Psyching yourself up for a lift, then, become fucking critical.  I’ve personally always hated the whole slapping scenario before a lift, but it does stimulate your CNS to dump adrenaline.  In my world, getting slammed in the face is either a prelude to fighting or fucking (or both), but not lifting.  I personally find it distracting, and it makes me angry as shit when people touch me as I’m preparing to hit a big lift.  Not angry in a good way- angry in a distracted, “I want to fucking stab the toucher” sort of way.  Thus, it’s important to figure out what is going to work for you to get into the proper mindset, help you control your emotions and aid you in removing negativity from your mind.  Negativity in any form while lifting is a terrible thing, even when it comes in the form of the oft repeated “Lift that weight, pussy!” format.  If your spotters not bleeding from an open head wound after you rack the weight, you likely believe that you are in fact a pussy, so you’re pretty much fucked from the get-go.    Some fear of the weight you’re lifting is positive, however, as the adrenaline dump you get from initiating your fight or flight response redirects blood flow to major muscles.(Siddle 89)  The adrenal secretions from the FOF response have been shown to increase performance in gross motor skills like simple pushes, pulls, and squats (i.e. powerlifting movements), so that fear (or any other mentally excited but focused state into which you can put yourself) is actually a good thing.(Siddle 43)  Walking into the gym piss scared of every weight, however, is just as destructive as being too relaxed, however-“Too much anxiety, fear, sadness…can paralyze.”(Rosenberg Forging)  Thus, you are going to have to lift a lot of fucking weights before you even come to a reasonable conclusion about what constitutes a genuinely big weight.

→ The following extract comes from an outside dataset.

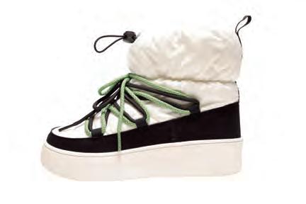 Protezione e performance guidano le soluzioni in fatto di materiali e design di queste calzature. Scarponcini tecnici con suole che garantiscono grip e tenuta su qualsiasi terreno abbinate a tomaie in tessuti ad alta tenacità. Stivali in gomma e scarponi dopo sci adatti anche alla città grazie a dettagli glam come inserti in pelliccia o colori metallizzati.

This is where high volume training comes to save the day, once again.  Not only does high-volume training make you demonstrably stronger (see the eleventy billion posts I’ve written on the subject for citations), but it allows you to learn to perform at very high levels in a high stress environment, like in a competition.(Siddle 35)  Doing this is considered by experts to be a critical aspect of training, and is absolutely necessary if you want to perform consistently at the highest levels.  This isn’t just because you’re strong as shit after training with high weights and low reps day after day, but because at that point your form and response to high weights are controlled completely by your subconscious- there’s no lag as you think about shit, and there’s no degradation in performance due to high levels of anxiety inspired by a load that greatly exceeds that to which you are used.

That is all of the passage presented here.